7261415 reads; of these:
  7261415 (100.00%) were paired; of these:
    7145843 (98.41%) aligned concordantly 0 times
    34064 (0.47%) aligned concordantly exactly 1 time
    81508 (1.12%) aligned concordantly >1 times
    ----
    7145843 pairs aligned concordantly 0 times; of these:
      6661 (0.09%) aligned discordantly 1 time
    ----
    7139182 pairs aligned 0 times concordantly or discordantly; of these:
      14278364 mates make up the pairs; of these:
        7201723 (50.44%) aligned 0 times
        2756103 (19.30%) aligned exactly 1 time
        4320538 (30.26%) aligned >1 times
50.41% overall alignment rate

So I further tried the “--un-mates” option, and although it outputs all unaligned reads, the two files obtained are not paired, making them incompatible with the subsequent paired kraken2 process. Therefore, I would like to consult with your professional opinion. Is bowtie2 suitable for scRNA sequencing data? If the remaining reads are mostly human, do you think it is possible to develop a new option “--un-align” to output paired reads that are neither concordantly nor discordantly aligned with the reference genome? So that more host-depleted reads can be filtered. I would be very grateful if you could provide assistance for this request. Thank you!

ch4rr0 commented 11 months ago

Hello @ZhangMH2000,

So I further tried the “--un-mates” option, and although it outputs all unaligned reads, the two files obtained are not paired...

Can you please explain why do you think the reads are unpaired? Here is an example of a sample run making use of --un-mates flag:

$ ./bowtie2 -x example/index/lambda_virus -1 example/reads/reads_1.fq -2 example/reads/reads_2.fq --un-mates foo -S /dev/null

$ head foo.1
@r146
TTCGGNNCGCNNNNAAANAGGCTGAGCACGGTGTACGTCAGNCCGGAAAAGTGC
+
)!&))%(%'($"!!&$)!++#$*'!!*(&!&+&&%"''##$$"$#'*%!%)#"+
@r152
CTCCCCNCCGNNCTNNCGNCTTCGTAATACTCACGCTGCT
+
"(*(*#%)**%($(!"''!&$+)&'(%'*"$"&!#$!!&!
@r198
CTTTTTGACGCCGTNTTCCACGTACTGTCCGGAATATACGAC

$ head foo.2
@r146
NNNGNTGTACCGGCTGTCTGGTATGTATGAGTTTGTGGTGAATAATGCCCCTGAACAGACAGAGGACGCCGGGCCCGCAGAGCCTGTTTCTGCGGGAAAGTGTTCGACGGTGAGCTGAGNTTTGCCCTGAAACTGG
+
%!!'"(+&""+$)")#*%+%&+$&$"'++!'(%)&#!*%'(&*$)$$'#(!)$'#!%&*%(#))##(*%#)+)&+!(!'*#)*"((!&$!+'&$(++!#"#+%+!(!$+(!&"!&((++&(&(!(++(%)($)!%"
@r152
NATTTGNGNCAGACCTTTTCCATGAATTGGTAACACCATCGATTGTGCTGGAACTGCTGGATGAACGGGAAAGAAACCAGCAATACATCAAACGCCGCGACC
+
!%$'''#)#'$(&'+!%$#)('%!"++!"("#'(&""'(&"$('")+#*#)(**')%&'&!($%%%%(+#')$%&&#()!)''"$$&%$%!($$)#(#%%%*
@r198
GCGCTGTTCCGTNCTNCAAAGCCGTCAAGGAGAAGCTGGATACCCGTCGTGGNT

...do you think it is possible to develop a new option “--un-align” to output paired reads that are neither concordantly nor discordantly aligned with the reference genome?

--un-mates <filename> is supposed to do exactly that.
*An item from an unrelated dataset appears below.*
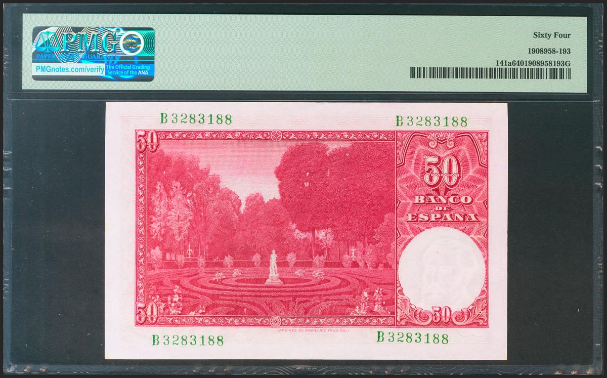 50 Pesetas. 31 de Diciembre de 1951. Serie B. (Edifil 2021: 462a, Pick: 141a). Inusual en esta calidad. SC. Encapsulado PMG64.

It creates two files, .1 and .2, that contain the unaligned mate1 and mate2 respectively. If does not work as described, can you post an example highlighting the issue?

Is bowtie2 suitable for scRNA sequencing data? Yes it should be.

Thank you

ZhangMH2000 commented 10 months ago

Hi @ch4rr0 From #417 , you showed an example that only one read of two paired-reads was aligned to the reference. However, the output was

$ cat out.1

$ cat out.2
@r1
GAATACTGGCGGATTACCGGGGAAGCTGGAGC
+
EDCCCBAAAA@@@@?>===<;;9:99987776

which means only read 1 was filtered and read 2 was kept. Actually, what I want to achieve is to eliminate both reads if one of the reads or both reads can be aligned to the reference.
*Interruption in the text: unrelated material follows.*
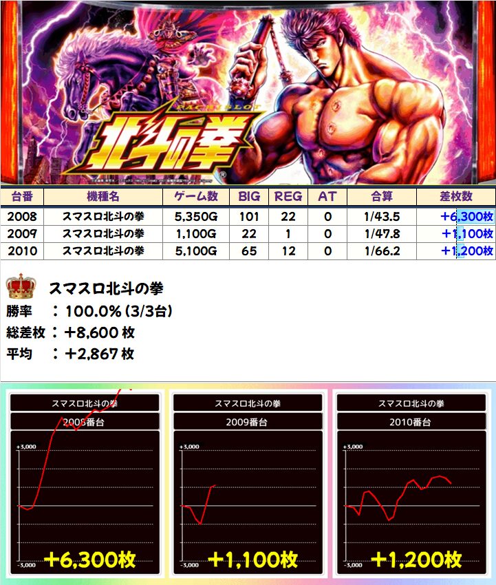 スマスロ北斗の拳(3/3台+)➡平均+2,867枚

However, I closed this issue after some learning. Although the 10X genomics single-cell RNA sequencing used a paired sequencing, the output --R1.fastq and R2.fastq, only R2.fastq contains the true sequence reads, and R1.fastq only contains bases information for barcodes and UMI. Unlike traditional paired-sequencing that both reads mean the true sequencing reads, I think I can only input the R2.fastq to align to the reference. Indeed, when I input only the R2.fastq as “unpaired reads”, the bowtie2 annotated 99% human reads. I then used the filtered reads to generate the matching R1.fastq. So I don’t need this “–un-align” function. Anyway, thank you so much for your reply. If you have any views on my process, please let me know. Thanks again!